4,Pho Cam Ly,After 3 weeks of working in the area I finally...


## Define “Underrated” Restaurants
Restaurants with a 4.5+ star rating and fewer than 30 reviews are considered underrated since they have high satisfaction but low visibility.

In [25]:
underrated = nola_restaurants[
    (nola_restaurants['stars'] >= 4.5) &
    (nola_restaurants['review_count'] < 30)
].copy()

print(f"Underrated restaurants found: {len(underrated)}")
underrated[['name', 'stars', 'review_count']].head()

Underrated restaurants found: 237


Unnamed: 0,name,stars,review_count
3,Eat Mah Taco @ Pal's Lounge,4.5,8
15,Stokehold Restaurant,4.5,13
36,The Wacked Out Weiner New Orleans,4.5,21
42,Petite Clouet Cafe,4.5,18
50,The Munch Factory,4.5,21


## Sentiment Analysis on 5K Sample Using VADER
Next, I apply fast sentiment analysis on a random 5,000-review sample using the VADER library. Each review receives a sentiment score from -1 (very negative) to +1 (very positive).

In [27]:
analyzer = SentimentIntensityAnalyzer()

# Use actual column from merged data
df_sample_reviews = df_reviews_joined[['name', 'text', 'stars_y']].sample(5000, random_state=42).copy()
df_sample_reviews.rename(columns={'stars_y': 'stars'}, inplace=True)

# Apply sentiment
df_sample_reviews['sentiment'] = df_sample_reviews['text'].apply(
    lambda x: analyzer.polarity_scores(x)['compound']
)

print("Sample sentiment scores:")
df_sample_reviews[['name', 'stars', 'sentiment']].head()

Sample sentiment scores:


Unnamed: 0,name,stars,sentiment
351944,Daisy Dukes Express,4.0,0.966
242146,Majoria's Commerce Restaurant,4.5,0.9661
48154,Creole House Restaurant & Oyster Bar,4.0,0.8947
235291,The Market Cafe,3.5,0.5719
255296,Daisy Dukes - French Quarter,3.5,0.9863


## Estimate Revenue Potential
Next I assume an average spend of $50 per review to estimate revenue. Then, I compare actual vs. potential revenue if underrated restaurants had median visibility.

In [29]:
avg_spend = 50
nola_restaurants['estimated_revenue'] = nola_restaurants['review_count'] * avg_spend
median_revenue = nola_restaurants['estimated_revenue'].median()

underrated = nola_restaurants[
    (nola_restaurants['stars'] >= 4.5) &
    (nola_restaurants['review_count'] < 30)
].copy()
underrated['potential_revenue_if_exposed'] = median_revenue

underrated[['name', 'estimated_revenue', 'potential_revenue_if_exposed']].head()

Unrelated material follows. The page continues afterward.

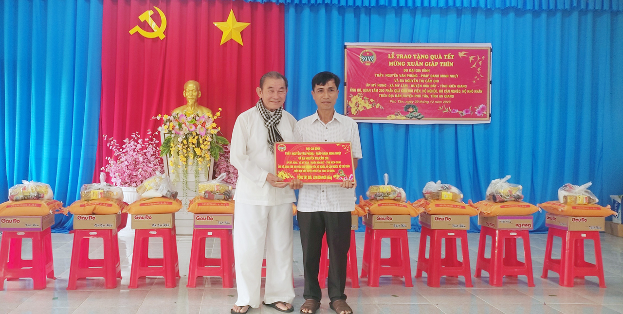 Trao quà Tết Giáp Thìn cho hội viên, nông dân có hoàn cảnh khó khăn. (31/01/2024 08:47) Trao quà Tết Giáp Thìn cho hội viên, nông dân có hoàn cảnh khó khăn. (31/01/2024 08:47)Sáng ngày 30/01, đồng chí Lương Quốc Đoàn - Ủy viên Trung ương Đảng, Bí thư Đảng đoàn, Chủ tịch Ban chấp hành Trung ương Hội Nông dân Việt Nam trao quà Tết Giáp Thìn 2024 cho hội viên, nông dân có hoàn cảnh khó khăn tại An Giang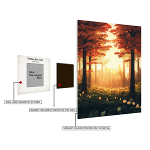 Sunset and Forest Metal Wall Posters | Premium, Waterproof & Magnet-Mounted Art

Unnamed: 0,name,estimated_revenue,potential_revenue_if_exposed
3,Eat Mah Taco @ Pal's Lounge,400,2850.0
15,Stokehold Restaurant,650,2850.0
36,The Wacked Out Weiner New Orleans,1050,2850.0
42,Petite Clouet Cafe,900,2850.0
50,The Munch Factory,1050,2850.0


## Analyze Common Business Features
Next I explore which business categories (like cuisine or service type) appear most often in high-rated restaurants. This can help uncover success patterns.

In [31]:
top_rated = nola_restaurants[nola_restaurants['stars'] >= 4.5]
category_counts = top_rated['categories'].str.get_dummies(sep=', ').sum().sort_values(ascending=False)

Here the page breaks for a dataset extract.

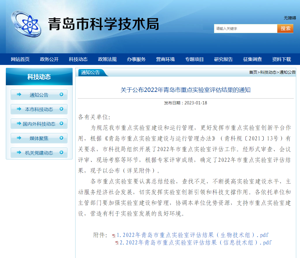 1月18日,青岛市科技局发布《关于公布2022年青岛市重点实验室评估结果的通知》,依托于草榴社区 的青岛市软件重点实验室获评“优秀”等级。

print("Top business categories in highly-rated restaurants:")
category_counts.head(10)

Top business categories in highly-rated restaurants:


Restaurants           595
Food                  256
Nightlife             134
Bars                  123
Breakfast & Brunch    105
American (New)         94
Sandwiches             88
Seafood                80
Cajun/Creole           77
Coffee & Tea           76
dtype: int64

## Export Clean Datasets for Tableau
Finally, export all relevant outputs to the `exports/` folder for use in Tableau dashboards.

In [43]:
os.makedirs('exports', exist_ok=True)

df_sample_reviews.to_csv('exports/nola_reviews_sample_sentiment1.csv', index=False)
nola_restaurants.to_csv('exports/nola_restaurants_with_revenue1.csv', index=False)
underrated.to_csv('exports/nola_underrated_restaurants1.csv', index=False)

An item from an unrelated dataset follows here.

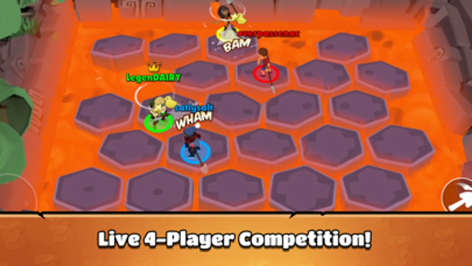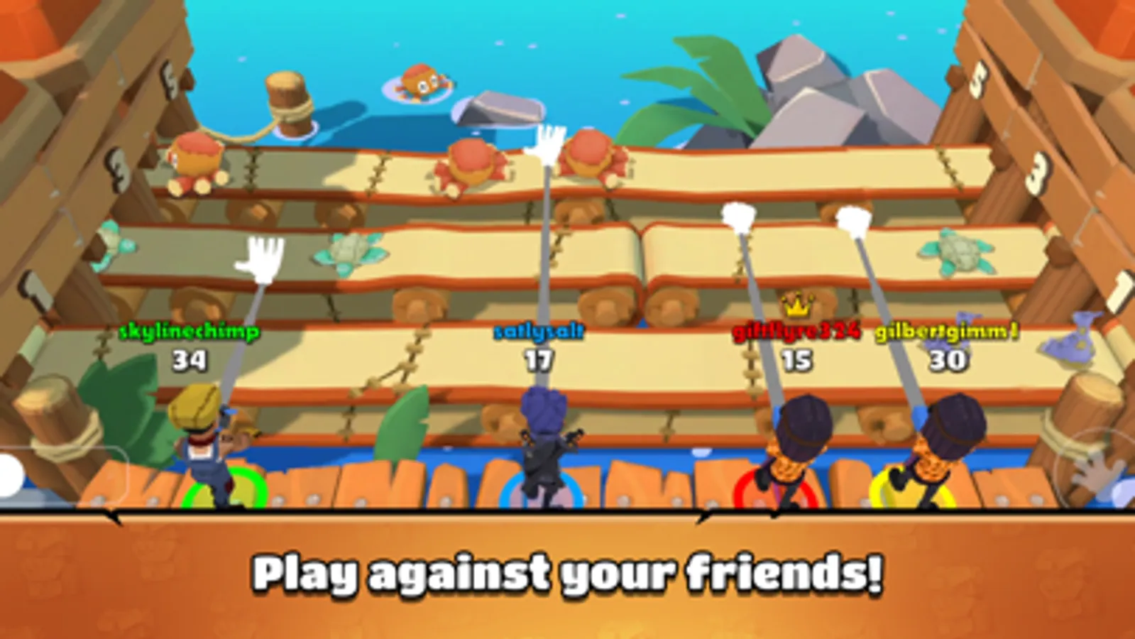Outrun boulders, race through falling rocks, and climb vines faster than your opponents to WIN! Knock the other Castaways off sinking tiles or bump them into sharks to take first place.

print("Export complete. Files saved to /exports/")
print(os.listdir('exports'))

Export complete. Files saved to /exports/
['nola_restaurants_with_revenue.csv', 'nola_restaurants_with_revenue.xlsx', 'nola_restaurants_with_revenue1.csv', 'nola_reviews_sample_sentiment.csv', 'nola_reviews_sample_sentiment.xlsx', 'nola_reviews_sample_sentiment1.csv', 'nola_reviews_sample_sentiment2.csv', 'nola_underrated_restaurants.csv', 'nola_underrated_restaurants.xlsx', 'nola_underrated_restaurants1.csv']


### Summary
- Merged business and review data for New Orleans
- Identified "hidden gem" restaurants with strong ratings and low visibility
- Applied fast sentiment analysis using VADER
- Estimated potential revenue uplift
- Analyzed top business features in high-performing restaurants
- Exported cleaned datasets for Tableau visualization